Posted these in freepour friday but I am as proud of Laura's camera skills as I am my own pouring


----------



## MWJB (Feb 28, 2012)

Beautiful..on both counts.


----------



## James Cox (Jun 23, 2012)

Oh my lord ...love it!


----------



## Outlaw333 (Dec 13, 2011)

Earlepap said:


> This thread definitely needs resurrecting. In an effort to do this, here is something I am super proud of to the max. It combines my Photoshop skills (which are for hire anyone) with my love of coffee. Enjoy:


You know when you get those small world moments, I just had a sneaking suspicion this might be one of those, so I will ask just incase, Where abouts did you learn photoshop and who tought you?

I love your work anyway!


----------



## Earlepap (Jan 8, 2012)

I'm self taught. They said it couldn't be done - well I showed them.

Now what's this small world moment?


----------



## Outlaw333 (Dec 13, 2011)

Ah, It was just that my Dad was an artist and graphic designer who then started teaching Photoshop in London. I have just been getting hundreds of those small world moments recently and thought he might have taught you. I had a funny feeling that you were going to say you took a course in walthamstow about 8-10 years ago.


----------



## Earlepap (Jan 8, 2012)

Nah, I went to college closer to you - in Taunton! Arrr.


----------



## Outlaw333 (Dec 13, 2011)

Taunton boy(pronounced 'buy'), ain' nuthen but odd folk up tharr.. full o' they yuppies ent err? we's simple lot dunn yerr, never stepped owt tuther saad o' this yerr village no, taunton could be ole other world for all izle know.


----------



## Earlepap (Jan 8, 2012)

I just made an aeropress that I'm proud of, and would happily serve any of you. I'm super critical of anything I make myself, and not just coffee - used to spend hours cooking only to sit down to eat and think "this is shit" and that people were just being polite when complimenting it. I'd say I'm only completely satisfied with 10% of the coffees I make. Not to say the rest are bilge, just that there's always room for improvement. This aeropress however, yummy. 14g, 230ml, 95c. Pretty fine grind, NSEW agitation after pour with the paddle thing, then again at 1.5m, then plunge at 2min over 30sec. Using the Limoncillo 'elegant'.


----------



## garydyke1 (Mar 9, 2011)

Earlepap said:


> I just made an aeropress that I'm proud of, and would happily serve any of you. I'm super critical of anything I make myself, and not just coffee - used to spend hours cooking only to sit down to eat and think "this is shit" and that people were just being polite when complimenting it. I'd say I'm only completely satisfied with 10% of the coffees I make. Not to say the rest are bilge, just that there's always room for improvement. This aeropress however, yummy. 14g, 230ml, 95c. Pretty fine grind, NSEW agitation after pour with the paddle thing, then again at 1.5m, then plunge at 2min over 30sec. Using the Limoncillo 'elegant'.

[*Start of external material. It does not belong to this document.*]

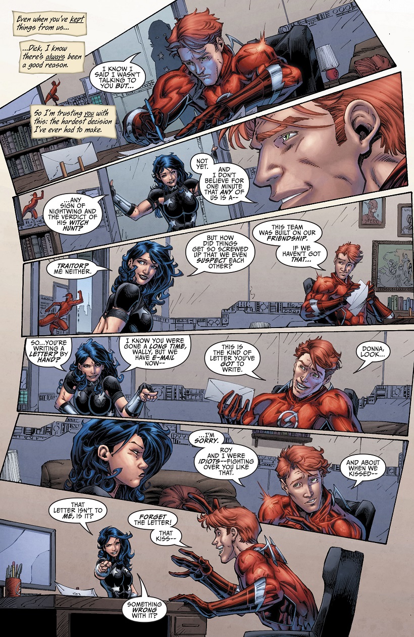 In una tavola con due persone che parlano è davvero necessario o funzionale questo layout? È necessario sbilanciare il tutto per dare una parvenza di azione a una scena che non ne prevede? Che lo sia o meno sembra evidente che Booth, così come avrebbero fatto anche Liefeld e Bay, se ne frega.
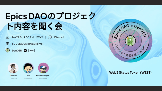 2023 年 1 月 27 日(金) 21:00 より DenGEN コミュニティにて「Epics DAO のプロジェクト内容を聞く会」が開催されます。

How do you think it would compare if you had a slightly coarser grind and let steep for an additional min?


----------



## Earlepap (Jan 8, 2012)

I don't know. I'll give it a go, but this is the best aeropress I've made in a while, despite having been really enjoying the results I was getting with the coarser grind / longer steep thing. I think a part of it might be that the Vario is so much more consistent at finer grinds that it makes for a cleaner cup.


----------



## MWJB (Feb 28, 2012)

Made a brew in the Clever Dripper for an intreagued colleague yesterday, asked her what she wanted in it...then just, before sploshing in the milk I suggested she try a sip black: "I'm not putting milk in that, that's nothing like I thought it would taste, that's lovely! It's sweet, doesn't even need sugar.", was the somewhat surprised response.

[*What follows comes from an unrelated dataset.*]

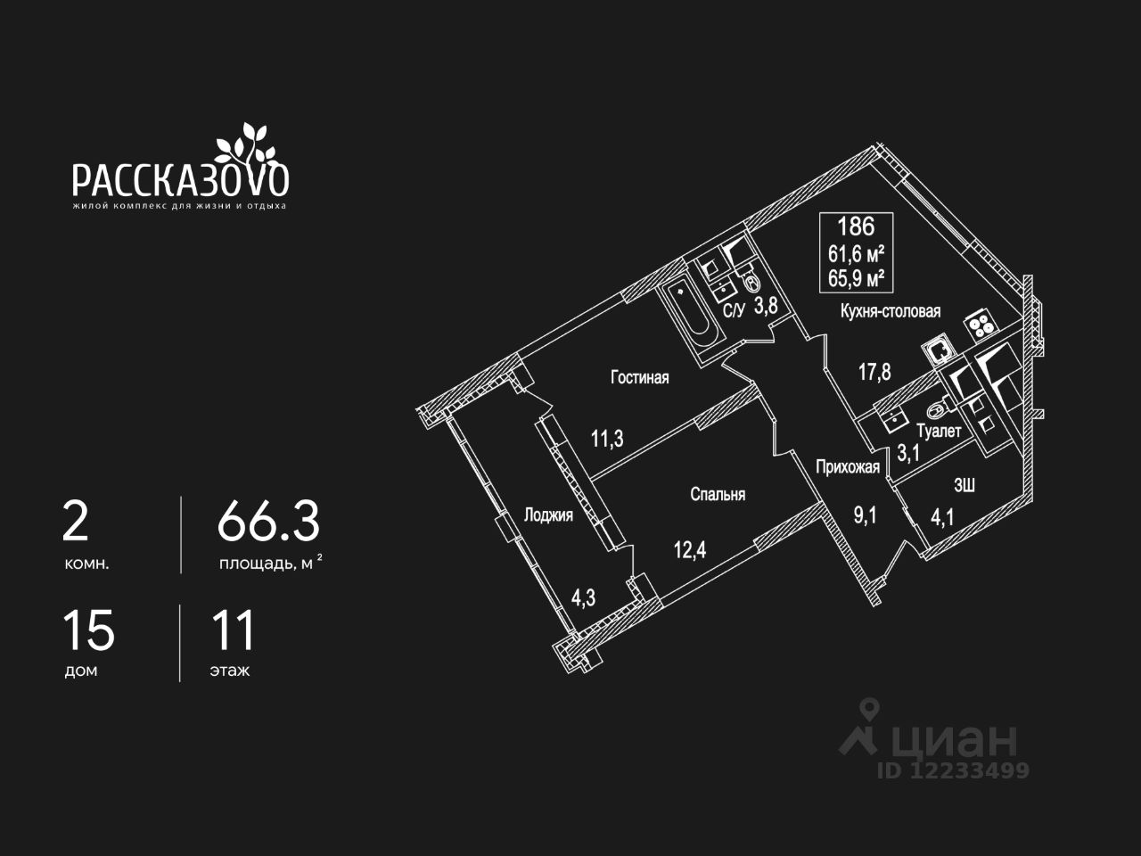 Продается 2-комнатная квартира в ЖК Рассказово на 11 этаже. Общая площадь квартиры составляет 66,3 кв.м. Квартира без отделки.

I must be learning something! ;-)


----------



## SlowRoast (Sep 24, 2010)

This!


















And this ..










I'm afraid Costa beans were used, but me and a work mate spent the evening practising latte art, espresso shots and stuff on the bottomless, and considering they were two months old, we got rediculous amounts of crema from the robusta, and it wasn't horribly bitter, slightly but not bad, ol' Expobar and Eureka got a workout!


----------



## Outlaw333 (Dec 13, 2011)

Wicked! Looks to me like you have nailed the rosetta dude!


----------



## Charliej (Feb 25, 2012)

Well no latte art yet, but the postman finally stayed long enough for me to answer the door today, and 5 minutes later had the silvia steam arm fitted to the classic, 2nd try absolutely perfect microfoam very happy with myself after that, guess the time spent trying with my krups pump machine taught me something after all, that and all the hints and tips on here so thanks very much guys. Now I can open my fudgee bear and try to turn out some decent flat whites.


----------



## Outlaw333 (Dec 13, 2011)

Just made a Chemex brew for a burly Devonshire 3sugars instant coffee drinking builder working on my house, I told him "you may not like this because it doesn't work with milk or sugar" he sipped it and replied "I'm not looking forward to going to the next place where all they have is gold blend!"


----------



## garydyke1 (Mar 9, 2011)

Perhaps a lightly brewed Wote would have resulted in a response of ''I didnt ask for tea, matey''


----------



## Outlaw333 (Dec 13, 2011)

No he had a pretty robust Finca Valentin!


----------



## Outlaw333 (Dec 13, 2011)

The last 3 months in coffee


----------



## thomss (May 9, 2011)

Hah, that's an awesome picture dude.


----------



## fatboyslim (Sep 29, 2011)

That is a fun picture but I have recently started to take issue with the huge number of Has Bean bags I have.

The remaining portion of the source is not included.